Purpose/Objective(s): Concurrent chemoradiotherapy is considered curative intent treatment for patients with non-operative esophageal cancer. Radiation-induced heart damage receives much attention. The aim of this study was to detect the change of cardiac volume over the course of radiotherapy for esophageal cancer based on repeated enhanced 4DCT and to explore the factors that might affect the change in cardiac volume during radiotherapy.

Materials/Methods: In this prospective study, forty-six patients with pathologically proven thoracic esophageal squamous cell carcinoma who were scheduled to receive concurrent chemoradiotherapy with a total dose of 60Gy in 30 fractions in our department were enrolled in the study. All the patients underwent enhanced 4DCT and 3DCT scans before radiotherapy and then repeated the CT scans every 10 fractions during treatment. The heart was contoured on 3DCT, end expiratory (EE) of 4DCT and maximum intensity projection (MIP) of 4DCT by the same radiation oncologist according to the same guidelines. Heart volumes and other relative parameters during radiotherapy were analyzed.

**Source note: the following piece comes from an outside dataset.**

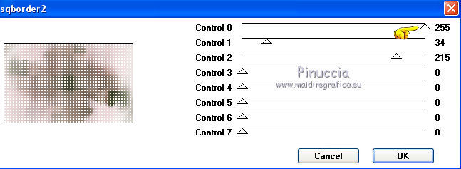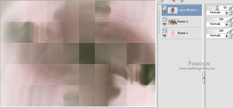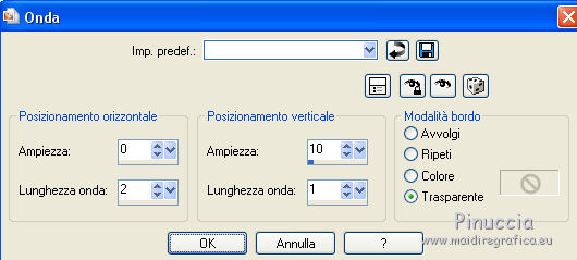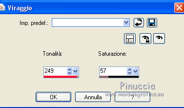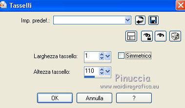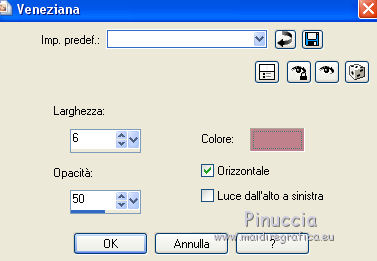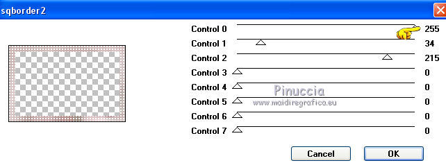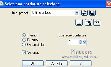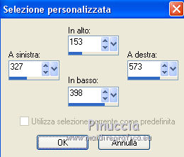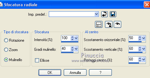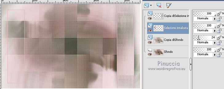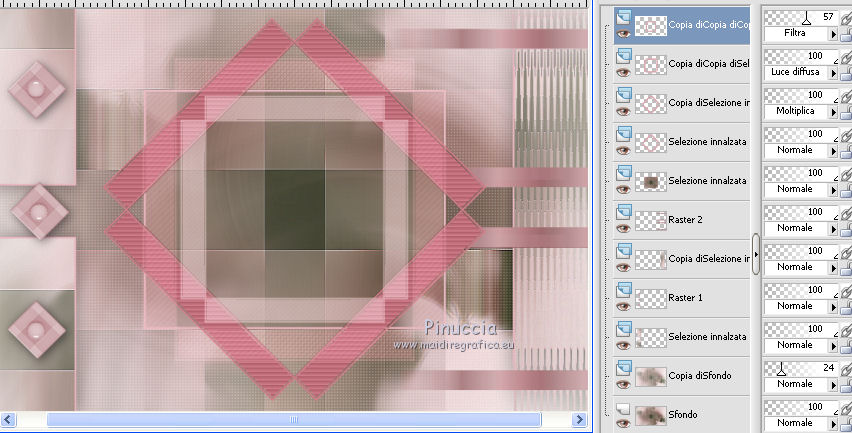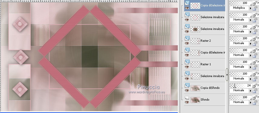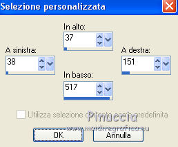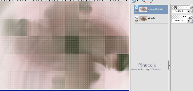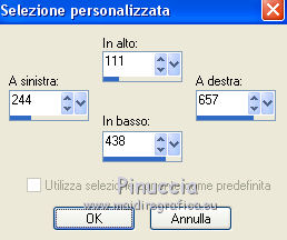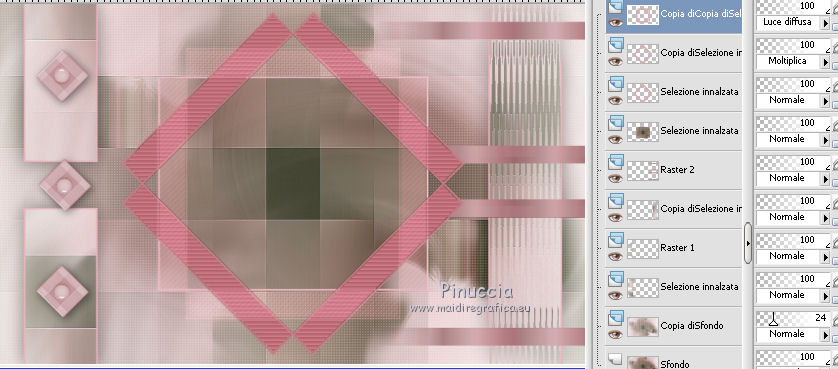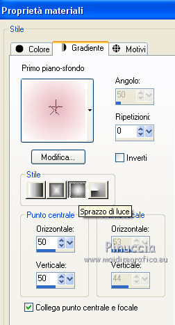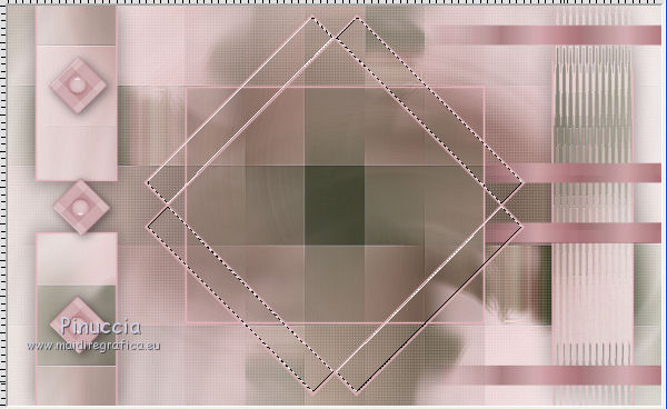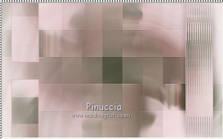 qui puoi trovare qualche risposta ai tuoi dubbi. Se l'argomento che ti interessa non è presente, ti prego di segnalarmelo. Il tutorial può essere eseguito con ogni versione di PSP. Dalla versione X4, il comando Immagine>Rifletti è stato sostituito con Immagine>Capovolgi in orizzontale, e il comando Immagine>Capovolgi con Immagine>Capovolgi in verticale. Nelle versioni X5 e X6, le funzioni sono state migliorate rendendo disponibile il menu Oggetti. Vedi la scheda sull'argomento qui Per tradurre questo tutorial ho usato PSP X. traduction en français qui Le vostre versioni qui Occorrente: Materiale qui Filtri: consulta, se necessario, la mia sezione filtri qui Filters Unlimited 2.0 qui Simple - Top Bottom Wrap qui AFS IMPORT - sqborder2 qui Alien Skin Eye Candy 5 Impact - Glass qui I filtri AFS Import e Simple si possono usare da soli o importati in Filters Unlimited (come fare vedi qui) Se un filtro fornito appare con questa icona ![]() se stai usando altri colori, sperimenta le modalità di miscelatura e opacità più adatte ai tuoi colori 1. Imposta il colore di primo piano con #e7b5bd, e il colore di sfondo con il colore bianco #ffffff. ![]() Passa il colore di primo piano a Gradiente di primo piano/sfondo, stile Sprazzo di luce. ![]() 2. Apri una nuova immagine trasparente 900 x 550 pixels, e riempila con il gradiente.3. Selezione>Deseleziona. Livelli>Nuovo livello raster. 4. Apri il tube 0_9d064_29d54ca0_L e vai a Modifica>Copia. non chiuderlo perchè ti servirà ancora Torna al tuo lavoro e vai a Modifica>Incolla nella selezione. Selezione>Deseleziona. 5. Regola>Sfocatura>Sfocatura radiale. ![]() 6. Livelli>Duplica. Immagine>Rifletti. Immagine>Capovolgi. Abbassa l'opacità di questo livello al 50%. ![]() Livelli>Unisci>Unisci giù. 7. Effetti>Effetti di distorsione>Tasselli. ![]() Effetti>Effetti di bordo>Aumenta di più. 8. Livelli>Duplica. Immagine>Ruota per gradi - 90 gradi a sinistra. ![]() 9. Immagine>Ridimensiona, al 75%, tutti i livelli non selezionato. Abbassa l'opacità di questo livello al 50%. ![]() Effetti>Effetti di bordo>Aumenta. 10. Livelli>Unisci>Unisci tutto. 11. Livelli>Duplica. Effetti>Plugins>AFS IMPORT - sq border 2. ![]() 12. Abbassa l'opacità di questo livello al 24 (o secondo i tuoi colori). ![]() 13. Attiva il livello inferiore di sfondo. Attiva lo strumento Selezione ![]() (non importa il tipo di selezione impostato, perchè con la selezione personalizzata si ottiene sempre un rettangolo) clicca sull'icona Selezione personalizzata ![]() e imposta i seguenti settaggi. ![]() 14. Selezione>Innalza selezione a livello. Livelli>Disponi>Porta in alto. 15. Selezione>Modifica>Seleziona bordature selezione. ![]() 16. Riporta il colore di primo piano a Colore e riempi la selezione con il colore di primo piano #e7b5bd.Selezione>Deseleziona. 17. Livelli>Duplica. Immagine>Rifletti. 18. Effetti>Effetti di distorsione>Onda. ![]() 19. Effetti>Effetti 3D>Sfalsa ombra, colore nero. ![]() 20. Attiva il livello sottostante della selezione innalzata originale. ![]() 21. Effetti>Plugins>Simple - Top Bottom Wrap. ![]() 22. Effetti>Effetti 3D>Sfalsa ombra, colore nero. ![]() 23. Apri deco-161-1 e vai a Modifica>Copia. Torna al tuo lavoro e vai a Modifica>Incolla come nuovo livello. 24. Effetti>Effetti di immagine>Scostamento. ![]() 25. Effetti>Effetti 3D>Sfalsa ombra, colore nero. ![]() 26. Apri deco-161-2 e vai a Modifica>Copia. Torna al tuo lavoro e vai a Modifica>Incolla come nuovo livello. 24. Effetti>Effetti di immagine>Scostamento. ![]() 27. Effetti>Effetti di distorsione>Vento - da destra, intensità 100. ![]() 28. Livelli>Disponi>Porta in alto. 29. Attiva nuovamente il livello inferiore di sfondo. Selezione personalizzata ![]() ![]() Selezione>Innalza selezione a livello. Livelli>Disponi>Porta in alto. 30. Selezione>Modifica>Seleziona bordature selezione. ![]() 31. Riempi con il colore di primo piano.Selezione>Innalza selezione a livello. Selezione>Deseleziona. 32. Immagine>Ruota per gradi - 45 gradi a sinistra. ![]() 33. Livelli>Duplica. Immagine>Rifletti. Livelli>Unisci>Unisci giù. 34. Attiva lo strumento Bacchetta magica , sfumatura e tolleranza 0,e seleziona i quattro bordi ![]() Riempi la selezione con il colore di primo piano.35. Effetti>Effetti di trama>Veneziana, colore #c1818c. ![]() Selezione>Deseleziona. 36. Livelli>Duplica. Cambia la modalità di miscelatura di questo livello in Moltiplica. ![]() 37. Livelli>Duplica. Immagine>Ruota per gradi - 45 gradi a sinistra. ![]() Cambia la modalità di miscelatura di questo livello in Luce diffusa. ![]() 38. Livelli>Duplica. Immagine>Ridimensiona, al 75%, tutti i livelli non selezionato. Cambia la modalità di miscelatura di questo livello in Filtra, e abbassa l'opacità al 57% (o secondo i tuoi colori). ![]() 39. Attiva il livello inferiore di sfondo. Selezione personalizzata ![]() ![]() 14. Selezione>Innalza selezione a livello. Livelli>Disponi>Porta in alto. 40. Effetti>Plugins>Alien Skin Eye Candy 5 Impact - Glass. Seleziona il preset Clear e ok. ![]() 41. Regola>Tonalità e saturazione>viraggio. ![]() 42. Immagine>Aggiungi bordatura, 1 pixel, simmetriche, con il colore di primo piano. Immagine>Aggiungi bordatura, 1 pixel, simmetriche, con il colore bianco. Immagine>Aggiungi bordatura, 1 pixel, simmetriche, con il colore di primo piano. 43. Modifica>Copia. Selezione>Seleziona tutto. Immagine>Aggiungi bordatura, 50 pixels, simmetriche, con il colore bianco. 44. Selezione>Inverti. Modifica>Incolla nella selezione. 45. Regola>Sfocatura>Sfocatura radiale, con i settaggi precedenti. Effetti>Effetti di bordo>aumenta. Selezione>Innalza selezione a livello. 46. Effetti>Plugins>AFS IMPORT - sqborder2. ![]() 47. Abbassa l'opacità di questo livello al 24%, o secondo i tuoi colori. Selezione>Inverti. 48. Effetti>Effetti 3D>Sfalsa ombra, colore nero. ![]() Selezione>Deseleziona. 49. Attiva nuovamente il tube 0_9d064_29d54ca0_L e vai a Modifica>Copia. Torna al tuo lavoro e vai a Modifica>Incolla come nuovo livello. 50. Effet

Results: Compared with the initial value, heart volume decreased significantly at the tenth fraction (reduction=3.27%, 4.45% and 4.52% respectively on 3DCT, EE and MIP, p<0.05) and the twentieth fraction (reduction=6.05%, 5.64% and 4.51% respectively on 3DCT, EE and MIP, p<0.05). The reduction between the initial measurement and the measurement at the thirtieth fraction was not significant (p>0.05). There was a decrease in both systolic (16.95±16.69mmHg, p<0.05) and diastolic blood pressure (7.14±11.64mmHg, p<0.05) and an increase in heart rate with 5.27±6.25 beats/min (p<0.05) after radiotherapy. The patients with mid-thoracic esophageal cancer were found to have significantly greater heart dose than the upper and lower tumors (p<0.05).None of the potential explanatory variables correlated with heart volume changes.

Conclusion: By eliminating the effect of respiratory motion on the heart, 4DCT better reflect changes in cardiac volume during radiotherapy of esophageal cancer. Heart volume was significantly reduced in the early treatment stage and maintained the reduction until the middle treatment stage, then showed a tendency to restore to the initial level at the thirtieth fraction. The blood pressure decreased and the heart rate increased during radiotherapy. These observed changes may be valuable indicators of cardiac impairment and target dose changes.

Author Disclosure: W. Wang: None. J. Li: None. Y. Zhang: None. Y. Guo: None.